Peripheral markers of brain damage and blood-brain barrier dysfunction

Abstract

Purpose: Occurrence of brain damage is frequently associated with abnormal blood-brain barrier (BBB) function. Two brain-specific proteins, S100beta and neuron-specific enolase (NSE) are released systemically in a variety of neurological diseases, but S100beta levels sometimes rise in the absence of neuronal damage, suggesting that S100beta is a marker of BBB rather than neuronal damage.

Methods: We measured both proteins in the serum of patients undergoing iatrogenic BBB disruption with intrarterial mannitol, followed by chemotherapy.

Results: Serum S100beta increased significantly after mannitol infusion (p<0.05) while NSE did not. Furthermore, in a model of intracerebral hemorrhage, S100beta increases in CSF did not lead to serum changes at a time when the BBB was intact. Modeling of S100beta release from the CNS suggested that low (<0.34 ng/ml) serum levels of S100beta are consistent with BBB opening without CNS damage, while larger increases imply synthesis and release from presumable damaged glia.

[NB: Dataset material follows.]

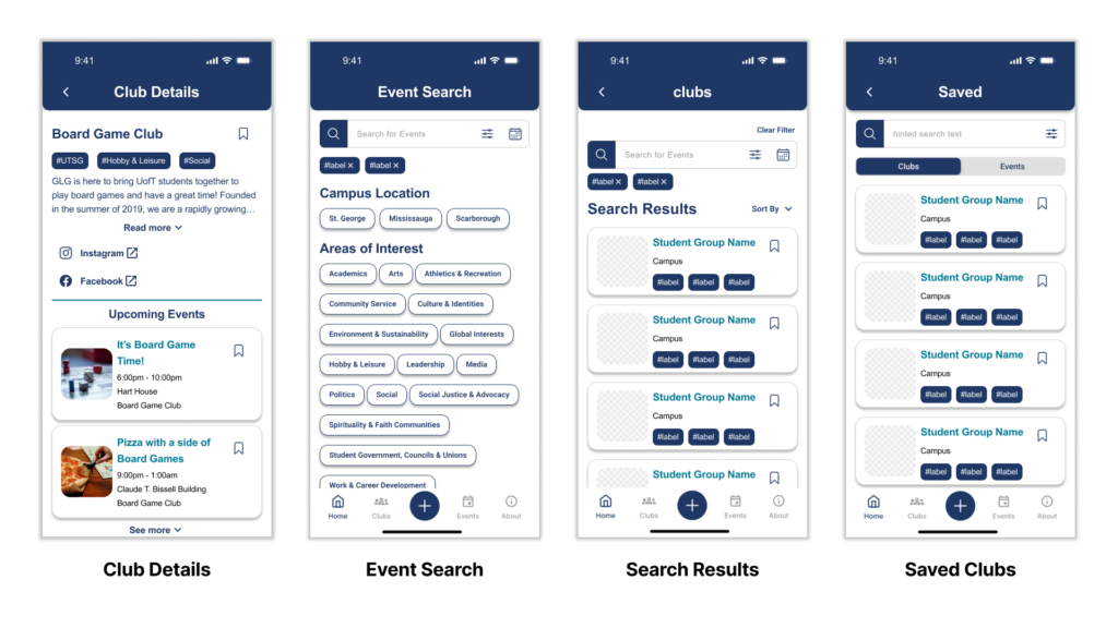 Designing a mobile app to help UofT students engage with campus clubs and events they are interested in.

Conclusions: Thus, S100beta in serum is an early marker of BBB openings that may precede neuronal damage and may influence therapeutic strategies. Secondary, massive elevations in S100beta are indicators of prior brain damage and bear clinical significance as predictors of poor outcome or diagnostic means to differentiate extensive damage from minor, transient impairment.

Fig. 1

Relationship between perivascular glia, neurons and cerebral blood vessels: distribution of immunoreactivity for astrocyte-specific markers S100β and GFAP. A) GFAP immunoreactivity (red), neuronal cell bodies (green) and capillaries in the rat hippocampus. The enlargements in the insets show capillaries and arterioles clearly outlined by GFAP immunoreactivity, emphasizing the proximity of perivascular glia to the lumen. B) GFAP immunoreactivity outlines large penetrating pial vessels in human cortex. C) S100β immunoreactivity (in red) co-localizes with intracellular GFAP (in green).

Fig. 2

S100β levels in serum correlate with BBB opening in the absence of neuronal damage. A) Serum levels of S100β rise as a result of osmotic opening of the blood-brain barrier, not of ongoing neuronal damage. The bar graph shows mean serum levels of S100β assessed after 32 blood-brain barrier disruptions in five patients. Also shown are mean serum levels of NSE measured in 18 openings (n = 3 patients). Error bars show standard error of the mean. Results show that S100β levels increased after the administration of intra-arterial mannitol and remained elevated, whereas levels of NSE did not change significantly. * indicates level was significantly different from level at induction, and # indicates level was significantly different from level at methotrexate administration (p < 0.05; paired t-test). B) Interpretation of results; see text for details.

Fig. 3

S100β levels after BBB disruption. A) Sigmoidal (Boltzmann) fit of S100β_serum levels measured after hemispheric BBBD. The average of 36 openings is shown reflecting leakage produced by opening of the BBB of one hemisphere. The asymptotic value determined was 0.176 ng/ml. B) Tri-dimensional representation of Eq. (2). The initial values of S100β_serum and S100β_CSF were 0.05 and 2 ng/ml respectively. Note that S100β_s−s obtained after hemispheric BBB disruption depend on both CSF and blood volumes. Similar plots were constructed at different S100β_CSF levels to estimate the contribution of neuronal damage to plasma levels (box 3 Fig. 3C) under conditions of breached BBB. C) shows the results of these calculations (see Eq. (3).

Fig. 4

S100β levels after intracerebral hemorrhage. A) FITC-labeled albumin is sequestered intraluminally 2 hrs after bilateral injection of autologous blood (as indicated in B). Note that even in close proximity of the clot (outlined by a dashed line) the BBB remained intact. BBB integrity was observed in both evacuated and non-evacuated hemispheres. B) Lack of correlation of S100β_serum with S100β_CSF after experimental intracerebral hemorrhage. Note that significant increases of CSF S100β were not accompanied by comparable changes in serum levels. The mean of six experiments is shown; * indicates p < 0.02. C) Interpretation of results. Under conditions of intact BBB, extravasation of biochemical markers of brain damage is limited by the low transendothelial permeability to macromolecules. Therefore, neuronal damage precedes appearance in peripheral blood of any proteic marker of brain damage. The latter will extravasate into plasma at later times if the BBB is breached.